# **Exercise Session 7**
# Developed by Biljana Jonoska Stojkova, PhD
# Revised by Johnson Chen

## **Lecture 7 - Hypothesis Testing: Basic Concepts and Basic Tests (Non-Parametric Tests, One-Way ANOVA) and Their Assumptions**

Today's exercise will focus on formulating predefined research questions, and we will practice determining which of the statistical concepts discussed in today's lecture are applicable to the Plant Growth dataset.

We will keep the same teams as those on the previous days. Each team will continue working on the Plant Growth dataset.

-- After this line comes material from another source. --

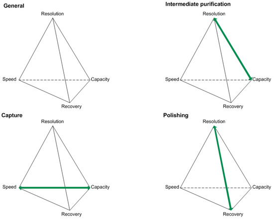 Optimizations in the USP concepts have led to increasing product titers. Along with this, raised impurity profiles have been observed [8,9]. Various compositions of the cultivation broth present challenges in the DSP of biotechnologically produced proteins. Considering the generic platform production process for antibodies, unit operations like centrifugation, micro- and ultrafiltration, protein A affinity chromatography, two orthogonal virus inactivation steps, ion-exchange (IEX), and hydrophobic interaction chromatography (HIC) are being used [5]. For the characterization of protein purification stages, key performance parameters can be used. These are typically resolution, speed, recovery, and capacity, as seen in Figure 1.

Each team member will have to answer the questions and upload their Jupyter Notebook on Canvas.

### **Today's Learning Goal:**

- Explore the Plant Growth dataset and define research questions, then translate them into statistical hypotheses.
- Determine what kind of exploratory data analysis plot would be relevant to test the statistical hypothesis.
- Identify which statistical concepts discussed today can be useful in testing the statistical hypothesis you formulated on the Plant Growth dataset.
- Assess whether One-Way ANOVA is appropriate to handle the complexities in the Plant Growth dataset for both primary and secondary hypotheses.
- Learn how to interpret the results from One-Way ANOVA based on your defined statistical hypothesis.
- Ensure you upload your Jupyter Notebook at the end of the day.

### **Tasks for All Teams**

You will continue working within your team.

- Define a statistical hypothesis.
- Determine an appropriate graph to explore your statistical hypothesis.
- Determine whether One-Way ANOVA is appropriate to answer your research question.
- Justify your decision based on the research question of interest and data structures.
- Discuss which assumptions may be violated and how useful and trustworthy the results would be.

**Assumptions of One-Way ANOVA:**

AA1. Comparison groups are two or more uncorrelated samples.

AA2. The outcome variable of interest is normally distributed within each comparison group.

AA3. The outcome variable of interest has equal variance within each of the comparison groups (related to equal sample size within each group).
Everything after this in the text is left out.